Dataset content:

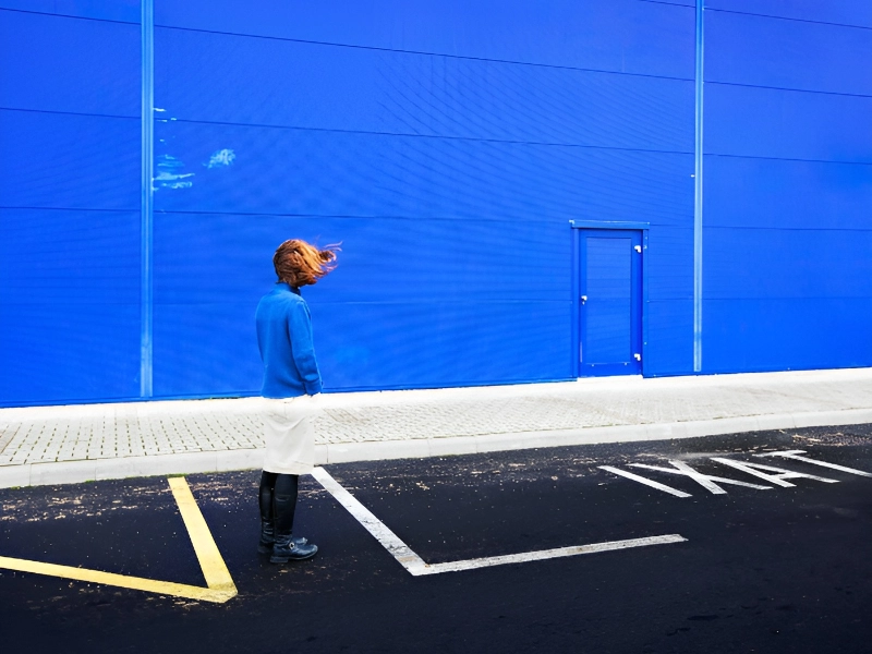 Only the hair awaits blue dye, yet the near match already fools the eye. The figure almost dissolves into the vivid field, proving how a single dominant color can craft a playful vanish between person and backdrop.
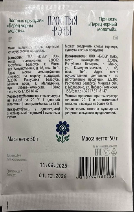Перец чёрный молотый под маркой «Простыя рэчы»
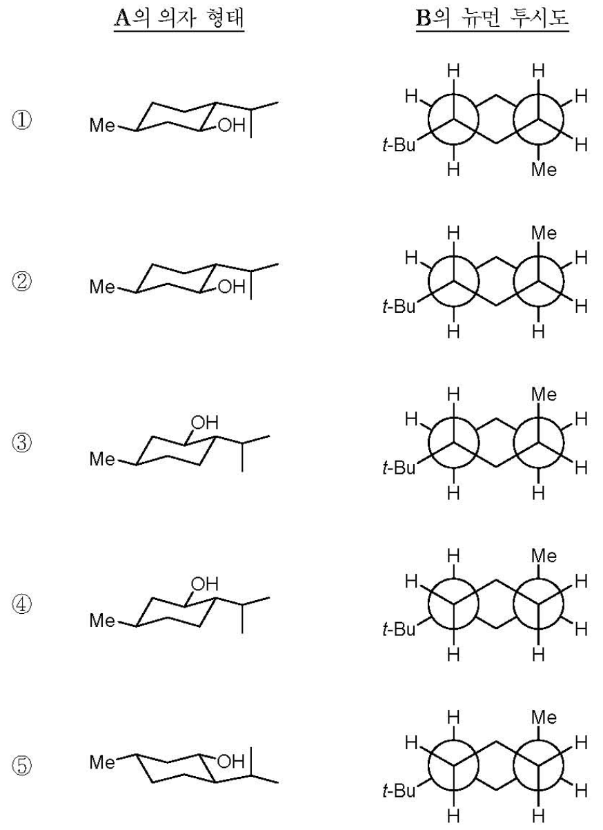 3. 다음 카이랄(chiral) 화합물의 가장 안정한 형태(conformation)를 의자 형태(chair conformation)와 뉴먼 투시도(Newman projection)로 모두 옳게 나타낸 것은?

Assignment:
What you return should be the whole listing, word for word, without its pictures.

Output of the task:
 Only the hair awaits blue dye, yet the near match already fools the eye. The figure almost dissolves into the vivid field, proving how a single dominant color can craft a playful vanish between person and backdrop.
Перец чёрный молотый под маркой «Простыя рэчы»
 3. 다음 카이랄(chiral) 화합물의 가장 안정한 형태(conformation)를 의자 형태(chair conformation)와 뉴먼 투시도(Newman projection)로 모두 옳게 나타낸 것은?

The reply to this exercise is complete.